Our estimates of doses of cadmium from drinking either on- or off-site groundwater are above the MRL, which is based on a human population chronically consuming cadmium. Based on the calculated doses, mild kidney toxicity is possible from consumption of groundwater either on-site or off-site. Children may be at an increased risk for kidney toxicity because younger animals tend to more efficiently absorb cadmium (Ogoshi et al., 1989). Persons with pre-existing kidney conditions may also be at an increased risk.
Cadmium is classified as a "probable human carcinogen" based on human and animal studies. The association between cadmium exposure and cancer applies more to inhalation exposure. The oral doses of cadmium that have been associated with cancer development in animal studies are over 300 times the doses that we estimated in this report. No cause-effect relationship has been established between oral exposure to cadmium and cancer. Therefore, we do not anticipate cadmium in the groundwater will cause cancer (ATSDR, 1999e).
4.5.1.7 Chromium - This estimated oral dose of chromium from ingestion of on-site surface soil exceeds the MRL (Table 13, Appendix B). Doses comparable to what was estimated on-site have previously been shown to cause abdominal cramping, diarrhea and dermatitis in humans (Kaaber and Veien, 1977; Zhang and Li, 1987). Therefore, ingestion of chromium from contaminated on-site surface soil could cause illness. The air concentration of chromium due to chromium in dust is below the inhalation MRL and, therefore, should not cause illness (ATSDR, 1998).
On-site and off-site sampling of groundwater detected chromium at high enough concentrations to produce a dose that would exceed the MRL (Tables 12 and 15, Appendix B). These doses could be associated with similar symptoms as those described above for ingestion of soil.
In humans, inhalation exposure to chromium has been associated with lung cancer in humans. However, the air concentration that caused lung cancer in humans is 500 times higher than the estimated air concentration at this site. Therefore, inhalation of chromium from contaminated soil is unlikely to cause cancer. No studies have demonstrated that ingestion of chromium causes cancer and therefore, ingestion of chromium in soil or groundwater is also not likely to cause cancer (ATSDR, 1998).
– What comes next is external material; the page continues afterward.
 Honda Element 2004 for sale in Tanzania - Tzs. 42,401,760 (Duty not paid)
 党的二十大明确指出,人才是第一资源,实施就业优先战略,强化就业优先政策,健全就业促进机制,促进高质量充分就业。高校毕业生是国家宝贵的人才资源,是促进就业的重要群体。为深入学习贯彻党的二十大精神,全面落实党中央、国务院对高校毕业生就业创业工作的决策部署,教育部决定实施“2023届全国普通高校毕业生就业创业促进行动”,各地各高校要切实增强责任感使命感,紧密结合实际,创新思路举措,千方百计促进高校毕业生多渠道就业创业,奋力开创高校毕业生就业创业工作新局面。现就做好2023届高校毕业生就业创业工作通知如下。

4.5.1.8 Lead - Currently no oral or inhalation MRL exists for lead. Therefore, all exposure scenarios are evaluated.
We estimated that the doses of lead resulting from incidental ingestion of on-site surface soil could likely cause several, mild responses (Table 13, Appendix B). These responses include disturbances in the blood cells, the vision system, the heart, the liver, the neurological system and reproductive system (ATSDR, 1999f).
The estimated doses of lead from consuming contaminated water (Tables 12 and 15, Appendix B) are likely to produce symptoms similar to those that would be expected from exposure through ingestion of contaminated soil. Of special importance in both of the exposure pathways described above, children absorb substantially more lead than adults and thus, are more sensitive to lead contamination.
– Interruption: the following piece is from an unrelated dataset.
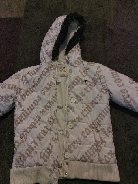 I need your guys help. The girl in the blue coat has had that gray coat the other girl is holding since middle school i never saw her wear it until a year ago when i saw her at a gas station. I've been trying to find the coat ever since we had a 6 grade class together i once had the name of the company that made it but looking at the tag in the coat but i lost it like year after we had class and haven't found it or the company since all i now is that it's a gray puffer like coat with a ziper and button up with a fur line hood. the company starts with a M but it's not moncler and i one misclicked on maps instead of images and it took me to a place in Italy that's all i know of the coat.

Currently lead is classified as a "possible human carcinogen", based on limited human evidence. No studies have been published that demonstrate the cancer-causing effect of ingestion of lead. In animal studies, lead was shown to be carcinogenic at doses at least 200 times the estimated doses for this site. Therefore, it is unlikely that lead ingestion will cause cancer.
4.5.1.9 Mercury - The concentration of mercury in soil was not high enough to consider this metal a COC in soil (Table 4, Appendix B). Therefore, mercury exposure from contaminated soil will not likely cause illness in area residents.
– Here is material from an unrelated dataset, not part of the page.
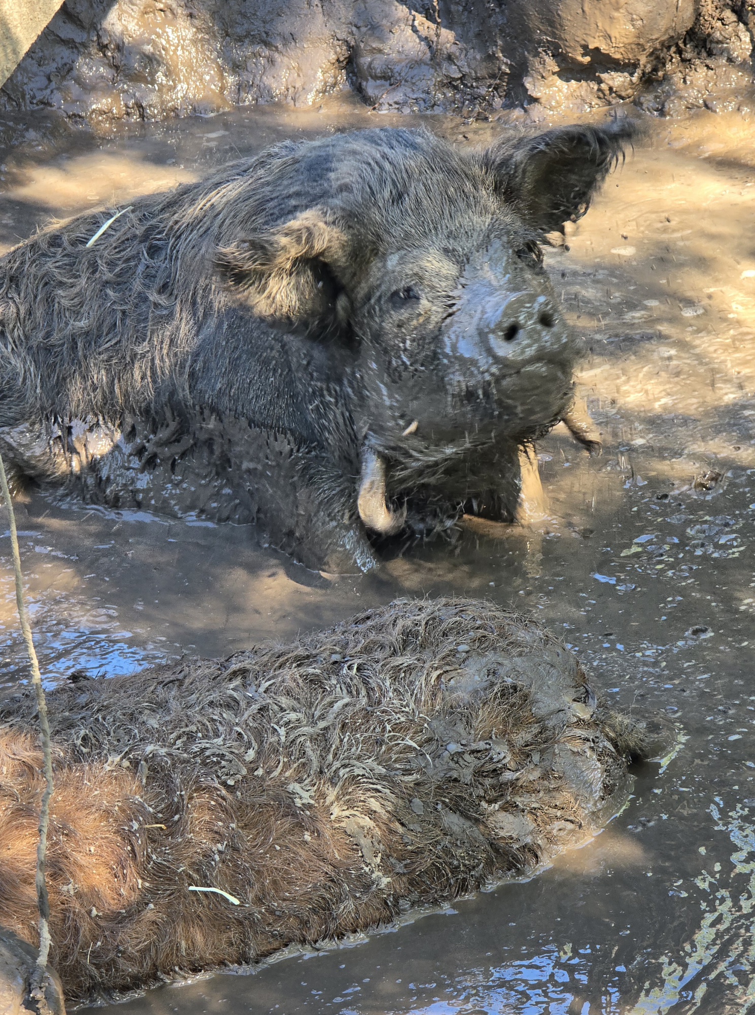 >>5110836Yeah all the moms are very trusting with me, but sadly my pig's stupid genetics are all very skittish. The sows and boars are all super friendly, but their children are skittish for some reason. Apparently it is called hesitancy or something and it is at least somewhat genetic.Slightly skittish pigs are sort of easier to manage in some ways than super friendly ones, so it's whatever.

The maximum dose of mercury that could be expected from consumption of off-site groundwater is equal to the MRL (Table 15, Appendix B) (ATSDR, 1999g). Mercury was not detected in on-site groundwater. Therefore, we do not anticipate any illness due to mercury in groundwater or soil.
Cancer: No evidence from human studies indicates an increased risk of cancer from mercury-contaminated water (ATSDR, 1999g).
4.5.1.10 Nickel - The concentration of nickel in on- or off-site soil was not high enough to consider this metal a COC in soil (Table 4, Appendix B). Therefore, nickel exposure from contaminated soil will not likely cause illness in area residents.
Only off-site groundwater only contained a concentration of nickel that if used as potable water could deliver a dose (Table 15, Appendix B) that exceeds the MRL. This dose of nickel could induce an allergic inflammation of the skin (ATSDR, 1997d). Other than this skin response, we do not anticipate these doses of nickel to cause any other illnesses.
No studies were located that associated nickel and cancer development in humans. Animal studies have not shown nickel to induce cancers in mice or rats (ATSDR, 1997d).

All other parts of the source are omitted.